Nel takes a similar approach to chicken satay. We’re used to chicken satay served on skewers, dripping in a fiery, peanuty sauce. But Nel uses molecular gastronomy techniques to make it into something else. We get little chicken nuggets without any satay element, but that’s because it’s been distilled in a broth that we’re instructed to drink from test tubes.

Chicken satay, molecular gastronomy style.
Chicken satay, molecular gastronomy style.

Mains

Now that we’re satay satisfied, we look forward to the main courses, starting with a classic of the island nation: Singapore chilli crab. While it gets immediate top marks for presentation, Mrs TCF initially is not to impressed. Mrs TCF expects crab filled with sweet, soft meat and doused in spicy, moreish sauce. She expects to crack into the shell and eat the flesh and sauce with her hands. At the very least, she expects the crab meat.

But this is actually more a bread course with side of crab-flavoured sauce. It’s gorgeous, of course. The bread emulates Chinese fried doughnuts and the accompanying crab sauce is sweet and soft. Still, Mrs TCF’s hopes were dashed.

Chilli crab sauce with Chinese fried bread
Not quite chilli crab.

The next dish aims to capture Little India, the heart of Singapore’s Indian community, with tandoori-flavoured cobia, a native fish to Australia. The fish is lightly seared and the tandoori is subtle so as not to overpower the fish.

Tandoori fish
A little bit of India.

Nel deploys molecular gastronomy again when it comes to laksa – that rich, spicy, tangy noodle soup we all love. We’re learning that the evening is not about serving the real deal but instead reimagining it. The soup is more a foam, leaving you to dip the noodles, protein and veggies into it, although they are flavourful on their own.

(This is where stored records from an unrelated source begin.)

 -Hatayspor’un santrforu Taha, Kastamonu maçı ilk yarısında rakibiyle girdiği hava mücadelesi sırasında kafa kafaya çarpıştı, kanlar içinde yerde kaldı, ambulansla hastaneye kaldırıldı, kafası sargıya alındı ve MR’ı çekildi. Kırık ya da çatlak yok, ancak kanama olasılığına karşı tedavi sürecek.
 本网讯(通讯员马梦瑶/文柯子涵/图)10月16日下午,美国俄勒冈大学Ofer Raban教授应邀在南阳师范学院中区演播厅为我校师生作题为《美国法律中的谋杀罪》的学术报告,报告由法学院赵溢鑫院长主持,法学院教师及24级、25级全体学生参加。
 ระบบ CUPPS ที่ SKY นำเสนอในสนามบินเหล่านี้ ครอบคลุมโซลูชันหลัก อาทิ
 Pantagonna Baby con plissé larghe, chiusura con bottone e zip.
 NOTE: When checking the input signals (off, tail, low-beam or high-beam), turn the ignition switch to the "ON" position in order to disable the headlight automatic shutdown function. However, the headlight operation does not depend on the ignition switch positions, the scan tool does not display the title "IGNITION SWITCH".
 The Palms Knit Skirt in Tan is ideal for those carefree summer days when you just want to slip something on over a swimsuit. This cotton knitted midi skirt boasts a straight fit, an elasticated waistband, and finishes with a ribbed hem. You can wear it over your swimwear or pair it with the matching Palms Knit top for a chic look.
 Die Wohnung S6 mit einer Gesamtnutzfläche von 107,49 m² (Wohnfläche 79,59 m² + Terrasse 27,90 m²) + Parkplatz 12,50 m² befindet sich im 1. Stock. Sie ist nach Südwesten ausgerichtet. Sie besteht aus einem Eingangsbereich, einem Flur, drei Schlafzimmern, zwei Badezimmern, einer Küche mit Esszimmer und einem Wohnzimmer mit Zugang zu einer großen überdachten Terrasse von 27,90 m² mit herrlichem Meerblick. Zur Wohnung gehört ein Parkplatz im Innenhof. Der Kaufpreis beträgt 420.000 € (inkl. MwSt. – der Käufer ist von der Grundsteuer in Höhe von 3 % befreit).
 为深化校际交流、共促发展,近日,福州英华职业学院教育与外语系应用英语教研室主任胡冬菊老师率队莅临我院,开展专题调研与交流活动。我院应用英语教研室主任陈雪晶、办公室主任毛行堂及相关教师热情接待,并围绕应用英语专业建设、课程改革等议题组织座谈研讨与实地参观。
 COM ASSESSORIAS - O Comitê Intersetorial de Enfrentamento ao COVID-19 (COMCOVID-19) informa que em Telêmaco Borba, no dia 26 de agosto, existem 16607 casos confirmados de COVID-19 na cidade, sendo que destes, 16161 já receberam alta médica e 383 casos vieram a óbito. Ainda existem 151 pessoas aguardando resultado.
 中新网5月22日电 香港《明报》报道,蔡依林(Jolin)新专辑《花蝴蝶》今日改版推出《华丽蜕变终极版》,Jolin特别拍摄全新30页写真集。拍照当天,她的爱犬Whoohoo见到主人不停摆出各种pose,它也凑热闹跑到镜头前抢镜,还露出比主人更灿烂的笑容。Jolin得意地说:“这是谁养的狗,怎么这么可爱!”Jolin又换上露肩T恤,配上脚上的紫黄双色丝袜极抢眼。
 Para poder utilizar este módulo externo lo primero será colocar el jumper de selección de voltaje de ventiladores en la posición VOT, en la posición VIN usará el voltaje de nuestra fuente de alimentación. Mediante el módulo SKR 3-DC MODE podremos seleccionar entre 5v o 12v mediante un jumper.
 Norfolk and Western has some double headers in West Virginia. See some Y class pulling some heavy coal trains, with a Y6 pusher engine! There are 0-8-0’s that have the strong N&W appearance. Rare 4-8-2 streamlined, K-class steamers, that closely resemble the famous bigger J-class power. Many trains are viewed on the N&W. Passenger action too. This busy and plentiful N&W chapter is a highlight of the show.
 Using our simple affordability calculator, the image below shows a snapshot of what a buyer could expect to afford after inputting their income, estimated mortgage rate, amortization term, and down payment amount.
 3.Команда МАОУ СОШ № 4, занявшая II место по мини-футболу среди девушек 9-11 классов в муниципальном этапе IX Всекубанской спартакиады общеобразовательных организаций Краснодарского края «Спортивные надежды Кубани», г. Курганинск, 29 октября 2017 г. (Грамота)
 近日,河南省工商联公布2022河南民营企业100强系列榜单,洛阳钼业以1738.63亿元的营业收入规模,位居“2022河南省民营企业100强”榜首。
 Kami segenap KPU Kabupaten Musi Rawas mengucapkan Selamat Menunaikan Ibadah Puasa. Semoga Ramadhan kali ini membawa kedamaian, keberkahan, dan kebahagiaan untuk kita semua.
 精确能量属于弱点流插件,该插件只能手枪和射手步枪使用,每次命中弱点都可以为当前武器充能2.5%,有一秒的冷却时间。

To complete the mains are cereal fish, inspired by the the flavours of zi char (meaning cook and fry), and Hainanese chicken rice, a dish that’s just as comforting as the original.

Hainanese chicken rice
Classic Singaporean tucker.

Dessert

Dessert showcases Singaporean sweets with bubble tea, ‘Gardens by the Bay’ (inspired by Singapore’s beautiful tropical gardens) and milk curd bun, which features flavours of egg tart and calamansi citrus.

Singaporean inspired dessert at Nel Restaurant.
Gardens by the Bay in dessert form.

If you can leave your expectations behind, Nel’s Singaporean menu is a treat and you can appreciate the creativity that went into making something new out of well-established cuisine.

Nel consistently gives good service; it spaces out the course just the way we need and we’re never without an empty glass of water or other drink of our choice. And the atmosphere is buzzing yet relaxing. Whether you want a date night or catch up with friends, Nel is just the place.